The United Nations Economic Commission for Africa(ECA) has blamed Ghana’s failure to realize its expected non-tax revenue on poor fiscal discipline.
The report dubbed the “Fiscal Policy for Financing Sustainable Development in Africa” reflected on the development trajectory and policies adopted to determine how quick countries will accelerates growth and creates prosperity for all.
According to ECA, Ghana has implemented a series of presumptive taxes in an effort to tax the informal economy and that experience reveals the need for an integrated approach that not only creates a simple tax system for hard-to-tax sectors.
Taxation reforms and improvement in non-tax revenue will extricate Ghana from the debt trap, the report stated.
“Also uses existing social structures, such as business associations, and focuses on increasing capacity in tax administration and tackling corruption at all levels,” the economic body added.

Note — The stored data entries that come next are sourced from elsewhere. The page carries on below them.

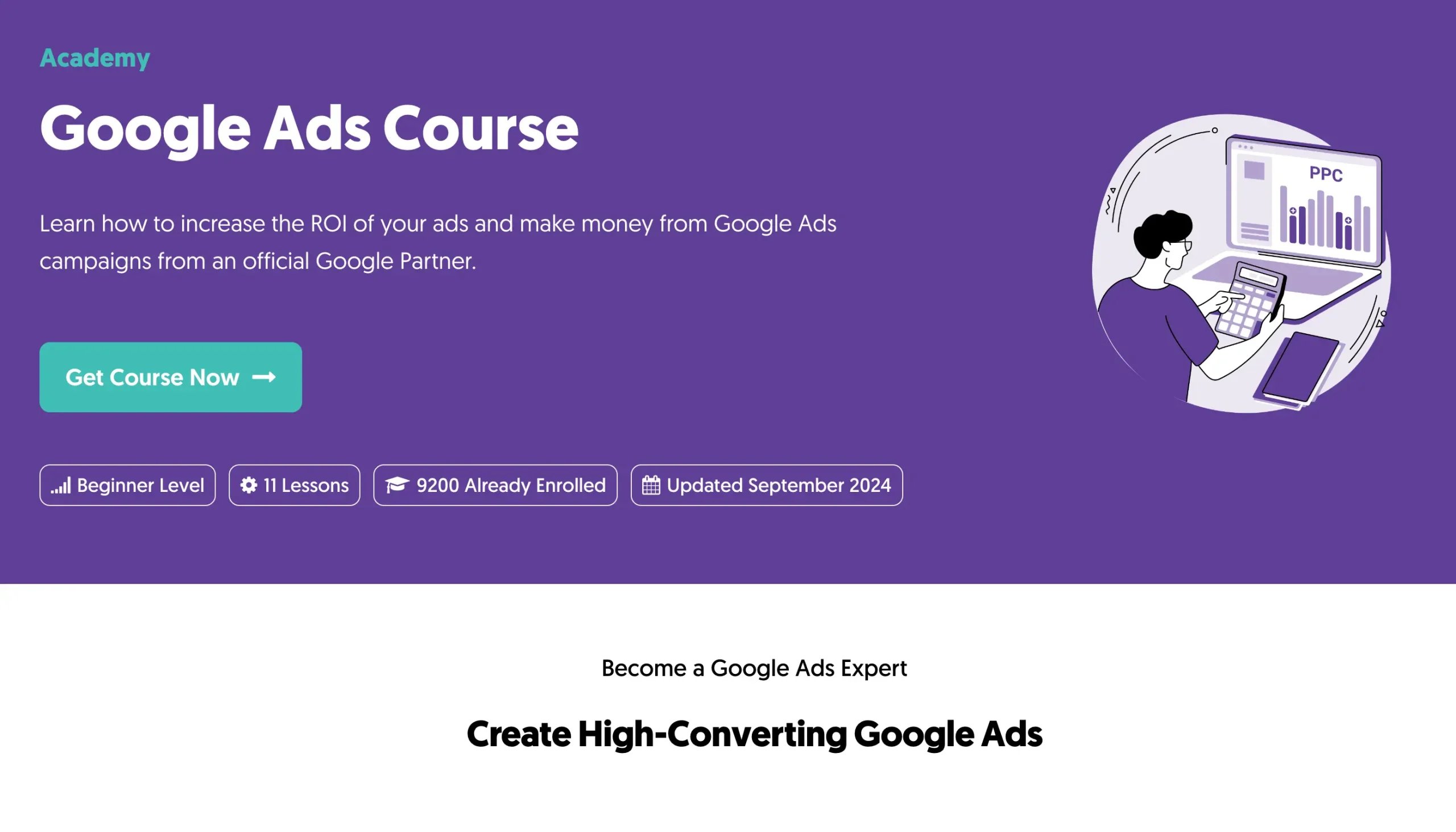 The Google Ads Course by Reliablesoft Academy includes 11 lessons and will teach you how to run profitable PPC campaigns. It starts from the beginning and goes through setting up a new account and enabling conversion tracking.
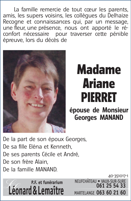 Décédée à Neufchâteau (6840) le mardi 1 décembre 2020 à l'âge de 47 ans
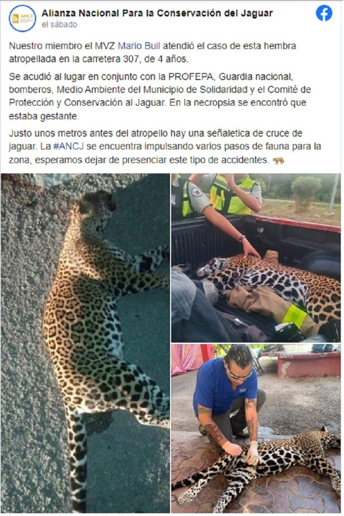 Un integrante de la Alianza Nacional para la Conservación del Jaguar atendió a un ejemplar de jaguar, el cual fue atropellado en la carretera 307, dirección Cancún-Playa del Carmen, cerca de un recinto turístico.El pasado 2 de febrero Mario Buil, por medio de su cuenta de Facebook, informó sobre el fallecimiento de "Naku", un jaguar hembra, la cual se encontraba a días de dar a luz, y que fue arrollada antes de una señalética de cruce o paso de Jaguar.El lugar de los hechos ocurrió entre playa del secreto y el hotel Nickelodeon, presuntamente el ejemplar se encontraba cruzando la carretera para que su cachorra naciera al otro lado.El trabajo de rescate fue atendido junto con la Procuraduría Federal de Protección al Ambiente (Profepa), Guardia Nacional, Bomberos, Medio Ambiente del Municipio de Solidaridad y el Comité de Protección y Conservación al Jaguar.En su publicación, Mario informó sobre la importancia de respetar las señalizaciones de tránsito en el lugar, debido a que fueron colocadas tras un estudio científico y toma de datos desde hace 10 años."No están ahí por adorno o por qué se ven bonitas, ni tampoco son promocionales de parques turísticos, como mucha gente piensa, las pusimos ahí con base en un estudio científico y toma de datos realizados desde hace ya más de 10 años, si las ves baja la velocidad, por qué de eso depende la vida de varias especies de Fauna Silvestre y también la de las personas que van en ese vehículo", escribió.MF
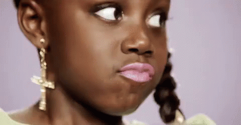 A little girl makes a sassy face, rolling her eyes and pursing her lips in a 'whatevs' expression.
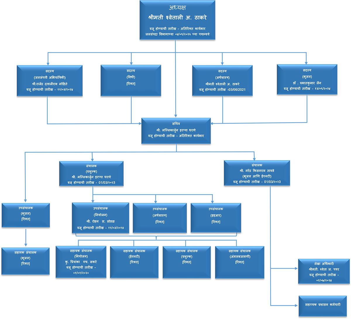 - अध्यक्ष, अतिरिक्त कार्यभार – श्रीमती. श्वेताली अभिजित ठाकरे, रुजू होण्याची तारीख – जलसंपदा विभागाच्या ०४/०९/२०२५ च्या पत्रान्वये

The Economic Report on Africa 2019 said the common denominator facing the African countries in debt distress has been low government revenue.
In the release, Ghana’s revenue to GDP was below 20 percent same as Sudan, Chad, Zimbabwe, Ghana, and Ethiopia.
“Those countries will remain in the debt trap unless something is done to raise revenue through tax reforms, non-tax revenue, enhanced tax administration and reduced tax evasion and avoidance particularly in the natural resources sector,” it stated.
The report further stated that addressing these challenges could mobilize additional revenue to finance sustainable development and Agenda 2063 aspirations.
“Though registrations increased, many complained that the tax was too high and administratively burdensome. The tax also faced challenges of corruption, rampant evasion and limited administrative capacity on the part of the revenue authority.”